Lehrkräfte wünschen, dass ihre Schülerinnen und Schüler während des eigenen Unterrichts nicht auf die Toilette gehen, sondern diese nur in den Pausen aufsuchen. Das Aufstehen, Hinausgehen und geräuschvolle Wiederkommen stellt jedes Mal eine unnötige Unterrichtsstörung dar. Darf aber der Toilettengang deshalb während des Unterrichts verboten werden?

Wenn‘s um die Wurst geht, muss es schnell gehen. Das wissen natürlich auch Schüler – sie müssen dann schnell mal weg. Oft drängt sich leider der Verdacht auf, dass sie eigentlich gar nicht müssen, sondern nur eine geschmeidige Möglichkeit suchen, um sich während der Mathematikstunde, möglichst ungestört von dem jungen Referendar, zum persönlichen Gespräch in der Porzellanabteilung zu treffen, dort LSD-Globuli einzuwerfen oder zu kiffen. Ein möglicher Lösungsansatz ist die in vielen Klassen praktizierte Übung, dass nur ein Schüler den Unterrichtsraum in Richtung Toilette verlassen darf. Alle anderen müssen warten, bis er sich erleichtert hat. Kommt es bei den anderen, wartenden Schülerinnen und Schülern aber zu einer spontanen Entleerung, drohen die verärgerten Erziehungsberechtigten nicht selten mit Dienstaufsichtsbeschwerde oder gar einer Strafanzeige.
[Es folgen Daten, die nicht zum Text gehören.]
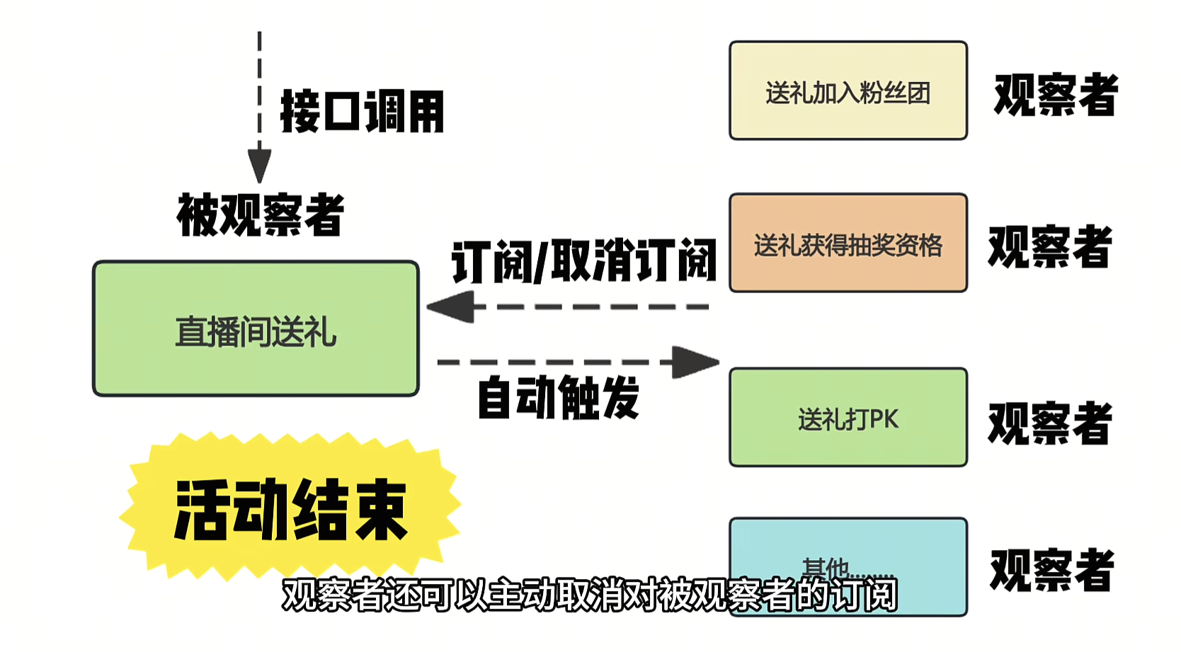 Subject (主题/被观察者) -> 直播间送礼服务 (GiftService)

Und die Lehrkräfte sehen sich dem Vorwurf der Körperverletzung im Amt gegenüber. Zu Recht?

 

Das Recht auf Toilettenbesuch

Jedermann hat das Recht zum ungehinderten Besuch einer Toilette zur Verrichtung seiner Notdurft. Das lässt sich aus Art. 3 Europäische Menschenrechtskonvention (EMRK) und Art. 1 und 2 Grundgesetz ableiten. Es ist ein elementares Grundrecht, seine Notdurft ungehindert verrichten zu können. Das ausdrückliche Verbot, die Toilette aufzusuchen, begründet einen Verstoß gegen Art. 3 EMRK im Sinne des Verbots der Folter und der unangemessenen Behandlung sowie gegen Art. 1 und 2 Grundgesetz im Sinne einer Verletzung der Menschenwürde und des Rechts auf körperliche Unversehrtheit. Darüber hinaus kommen verschiedene Straftatbestände in Betracht.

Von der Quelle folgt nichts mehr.